### EXERCISE BRIEF
Search the records for the string "packaging" and return each line that has it.
*** THE RECORDS Section Begins ***
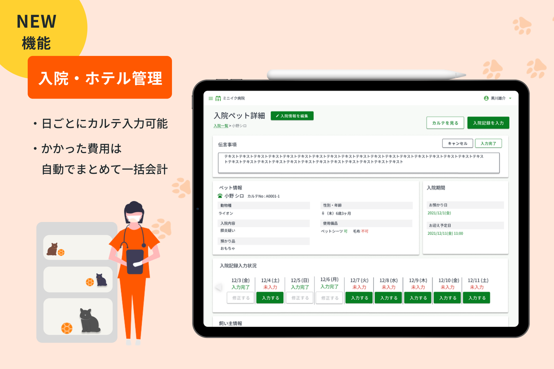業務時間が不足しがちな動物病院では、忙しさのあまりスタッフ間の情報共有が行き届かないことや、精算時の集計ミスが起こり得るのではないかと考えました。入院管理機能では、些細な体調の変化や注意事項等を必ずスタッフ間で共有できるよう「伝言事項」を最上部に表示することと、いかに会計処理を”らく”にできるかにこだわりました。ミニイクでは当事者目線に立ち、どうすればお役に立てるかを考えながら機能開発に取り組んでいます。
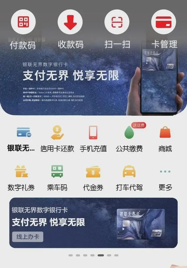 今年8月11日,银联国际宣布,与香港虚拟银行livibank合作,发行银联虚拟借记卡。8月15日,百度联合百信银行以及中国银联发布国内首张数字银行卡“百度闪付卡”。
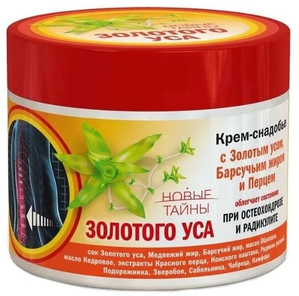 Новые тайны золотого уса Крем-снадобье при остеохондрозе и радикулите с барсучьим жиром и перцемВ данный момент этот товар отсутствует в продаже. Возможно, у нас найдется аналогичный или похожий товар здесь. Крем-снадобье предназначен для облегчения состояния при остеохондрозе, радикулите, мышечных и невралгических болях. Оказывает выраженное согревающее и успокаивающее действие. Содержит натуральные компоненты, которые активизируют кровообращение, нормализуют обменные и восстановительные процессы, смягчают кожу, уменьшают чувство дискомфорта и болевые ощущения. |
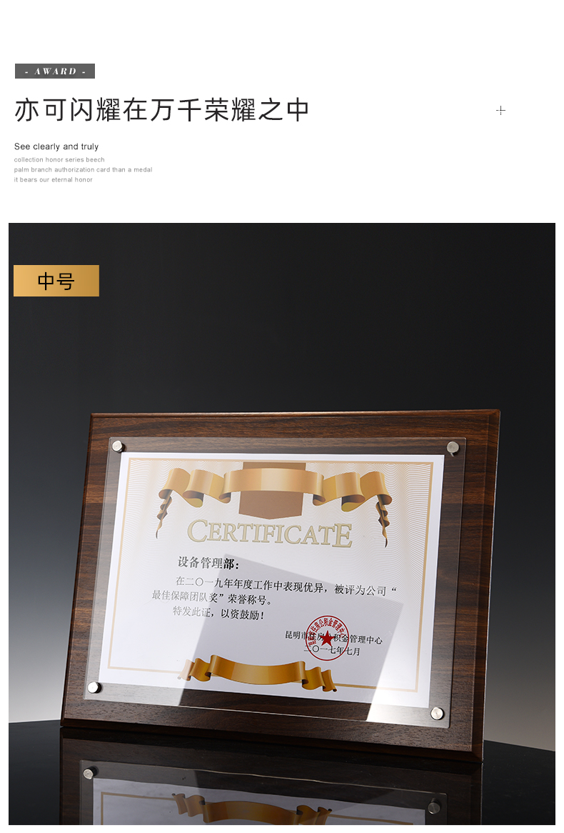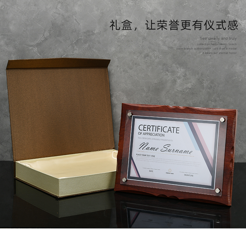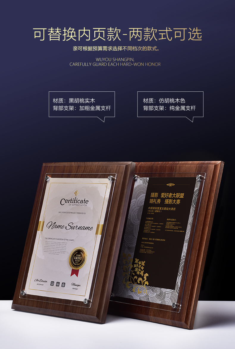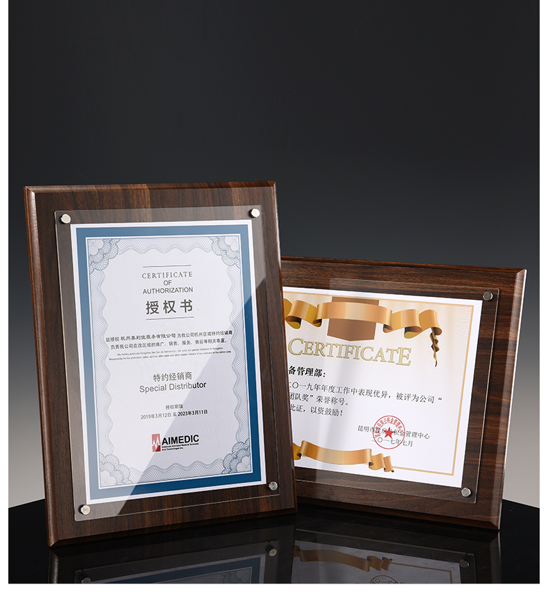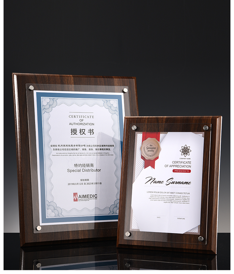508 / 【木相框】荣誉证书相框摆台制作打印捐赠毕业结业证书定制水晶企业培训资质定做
*** THE RECORDS Section Ends ***
*** THE RECORDS Section Begins ***
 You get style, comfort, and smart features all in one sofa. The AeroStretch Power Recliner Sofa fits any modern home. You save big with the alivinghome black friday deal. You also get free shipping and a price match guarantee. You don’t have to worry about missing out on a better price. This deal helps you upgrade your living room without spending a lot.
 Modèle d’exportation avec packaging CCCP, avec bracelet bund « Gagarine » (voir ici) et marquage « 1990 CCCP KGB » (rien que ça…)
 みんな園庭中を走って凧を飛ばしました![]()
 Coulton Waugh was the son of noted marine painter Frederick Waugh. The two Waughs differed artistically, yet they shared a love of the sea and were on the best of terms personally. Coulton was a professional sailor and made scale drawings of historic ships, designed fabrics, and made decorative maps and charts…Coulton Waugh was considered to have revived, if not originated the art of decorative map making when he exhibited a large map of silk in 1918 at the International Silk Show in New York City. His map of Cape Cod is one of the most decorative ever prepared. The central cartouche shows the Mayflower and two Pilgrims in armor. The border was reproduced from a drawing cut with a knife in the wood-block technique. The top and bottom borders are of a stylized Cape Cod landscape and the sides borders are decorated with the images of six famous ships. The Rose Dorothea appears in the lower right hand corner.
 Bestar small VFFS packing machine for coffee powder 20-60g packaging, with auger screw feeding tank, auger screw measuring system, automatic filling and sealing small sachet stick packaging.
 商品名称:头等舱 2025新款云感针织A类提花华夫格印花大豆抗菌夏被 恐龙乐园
*** THE RECORDS Section Ends ***
*** THE RECORDS Section Begins ***
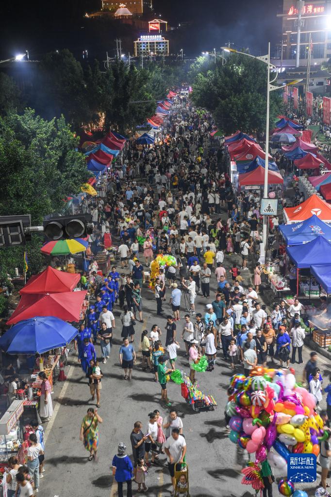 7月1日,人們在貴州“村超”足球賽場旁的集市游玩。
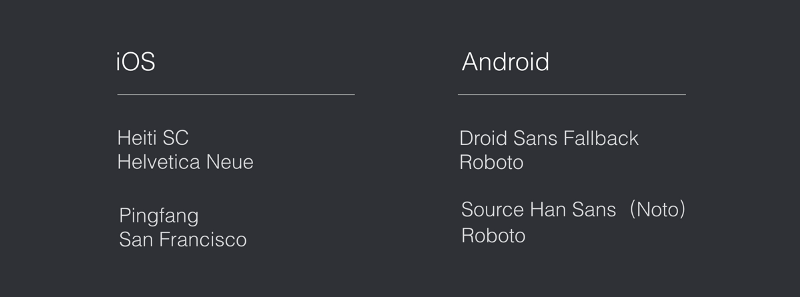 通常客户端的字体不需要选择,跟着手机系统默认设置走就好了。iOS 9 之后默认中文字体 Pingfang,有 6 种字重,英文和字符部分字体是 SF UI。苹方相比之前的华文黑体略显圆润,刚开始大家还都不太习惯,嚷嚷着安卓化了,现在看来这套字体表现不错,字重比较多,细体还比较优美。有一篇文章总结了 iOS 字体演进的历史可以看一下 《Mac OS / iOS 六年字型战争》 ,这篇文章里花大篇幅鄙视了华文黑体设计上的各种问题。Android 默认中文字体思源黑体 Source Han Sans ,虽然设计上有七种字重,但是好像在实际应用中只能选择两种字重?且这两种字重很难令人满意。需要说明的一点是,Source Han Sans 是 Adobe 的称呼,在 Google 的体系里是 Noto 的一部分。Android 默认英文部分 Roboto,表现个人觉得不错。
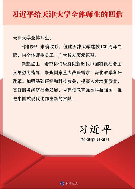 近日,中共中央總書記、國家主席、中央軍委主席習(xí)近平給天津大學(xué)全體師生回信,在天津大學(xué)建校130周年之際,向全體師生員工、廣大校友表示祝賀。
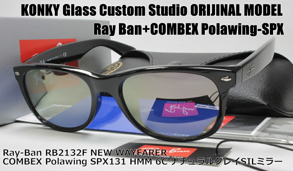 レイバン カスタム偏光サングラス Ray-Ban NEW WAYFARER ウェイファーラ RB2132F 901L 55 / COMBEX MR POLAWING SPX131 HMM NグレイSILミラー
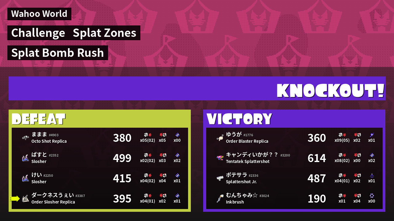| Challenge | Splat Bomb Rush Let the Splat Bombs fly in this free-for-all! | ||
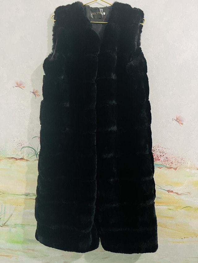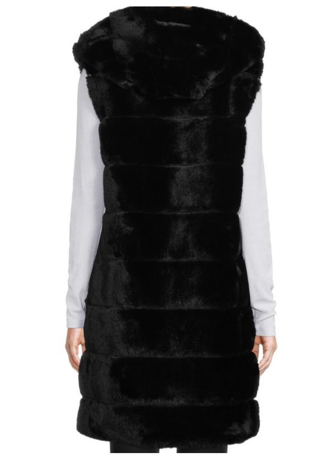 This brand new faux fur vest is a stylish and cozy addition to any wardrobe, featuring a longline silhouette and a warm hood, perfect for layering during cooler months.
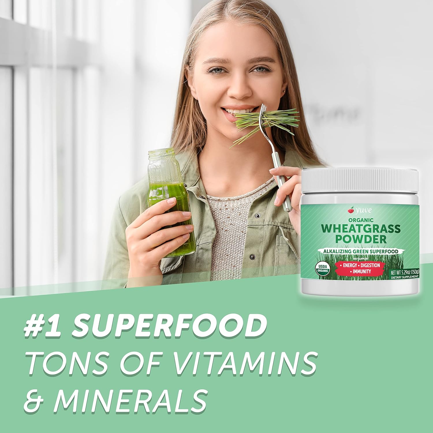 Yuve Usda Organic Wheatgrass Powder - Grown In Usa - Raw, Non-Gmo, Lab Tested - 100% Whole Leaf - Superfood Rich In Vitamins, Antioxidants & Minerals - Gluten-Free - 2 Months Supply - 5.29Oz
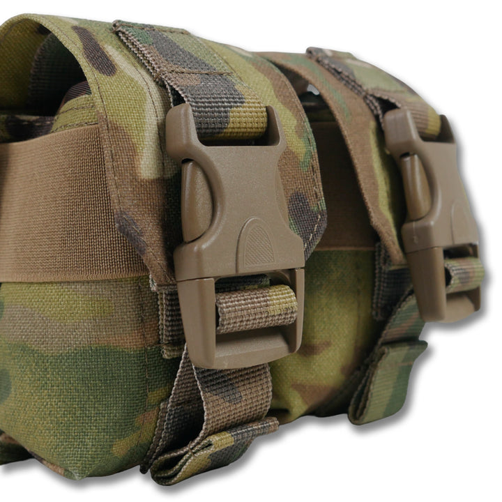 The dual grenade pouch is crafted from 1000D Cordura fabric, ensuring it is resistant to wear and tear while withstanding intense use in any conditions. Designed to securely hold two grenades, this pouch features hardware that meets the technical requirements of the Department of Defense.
*** THE RECORDS Section Ends ***
### ANSWER BOX
 Modèle d’exportation avec packaging CCCP, avec bracelet bund « Gagarine » (voir ici) et marquage « 1990 CCCP KGB » (rien que ça…)
 Bestar small VFFS packing machine for coffee powder 20-60g packaging, with auger screw feeding tank, auger screw measuring system, automatic filling and sealing small sachet stick packaging.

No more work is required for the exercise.